Adaptive, black-box and automatic prompting methods to improve large language models in zero-shot settings.

Overall pipeline of COSP/USP

3 Nov 2023: COSP and USP have also been covered in a recent Google Research blog – click for more details!

This post introduces a recent work done during my internship at Google Cloud AI Research covering the following papers:

The recent advances in large language models (LLMs) are among the most astonishing breakthroughs in the history of artificial intelligence. A hallmark feature of the modern LLMs is their impressive abilities in general problem-solving in few-shot and zero-shot setups, even without explicit training on these tasks. There is, however, still a gap between few-shot and zero-shot setup: in few-shot, the models are shown in-context demonstrations like the example below (taken from the chain-of-thought (CoT) paper) – the first question-answer pair is the demonstration prepended to the actual question being asked (the second question):

Q: There are 15 trees in the grove. Grove workers will plant trees in the grove today. After they are done, there will be 21 trees. How many trees did the grove workers plant today?
A: Let’s think step by step. There are 15 trees originally. Then there were 21 trees after some more were planted. So there must have been 21 - 15 = 6. The answer is 6.
Q: If there are 3 cars in the parking lot and 2 more cars arrive, how many cars are in the parking lot?
A: Let’s think step by step.

In zero-shot, in contrast, the LLM is directly prompted with the test question only (i.e., without the first question-answer pair shown above).

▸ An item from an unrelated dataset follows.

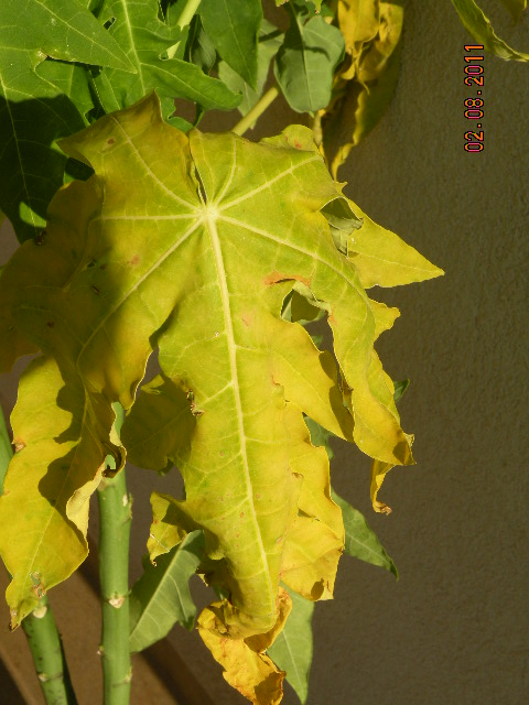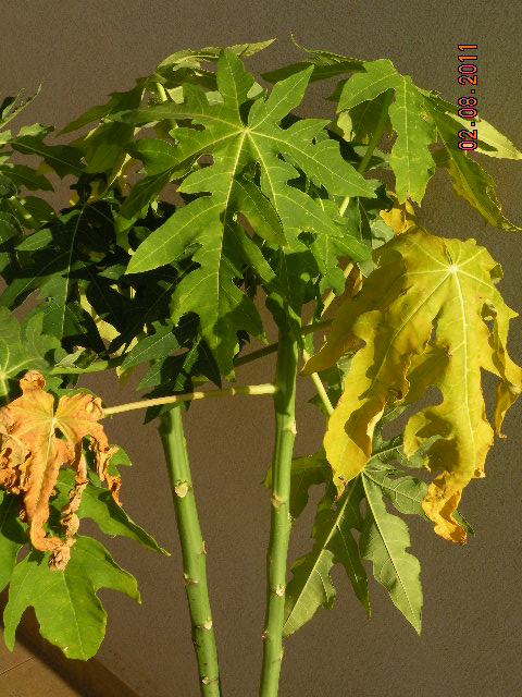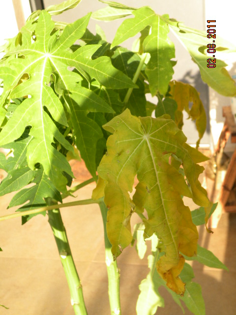 אתמול הבאתי מהמשתלה עץ פפאיה. הוא עומד מאתמול בשמש ישירה והשקתי אותו בעציץ לרוויה. חלק מהעלים שלו התחילו להפוך לצהובים ומסכנים. מה קורה לעץ?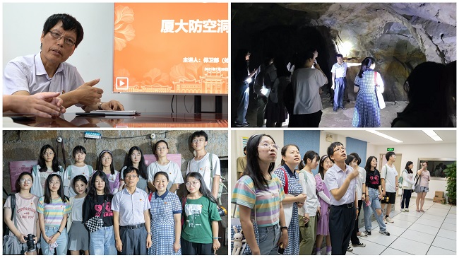 仪式结束后,保卫部(处)陈安鹭老师以“厦大防空洞历史”为题为师生党员作专题党课,并带领大家进入防空洞和保卫部监控室进行实地参观考察。在陈老师的讲述中,大家重温了昔日炮火连天环境下厦大人“一手捧着书、一手扛着枪”的艰苦岁月,对“英雄大学”有了更深入的了解,对“四种精神”有了更深刻的感悟。大家纷纷表示,要用好所学知识,创作出优秀作品,把厦大防空洞的故事传播给全校师生,打造厦大新的党史校史学习教育基地。

Zero-shot is the most general as it requires no handcrafting and is the most natural way of asking things. However, zero-shot performance is typically weaker as the LLM is not shown with model answers and thus is prone to outputting spurious answers.

Why don’t we simply handcraft some demos if it is “few”-shot?

You certainly can – modern LLMs are great because they can work with a handful of labeled queries (as opposed to hundreds to thousands if you fine-tune them).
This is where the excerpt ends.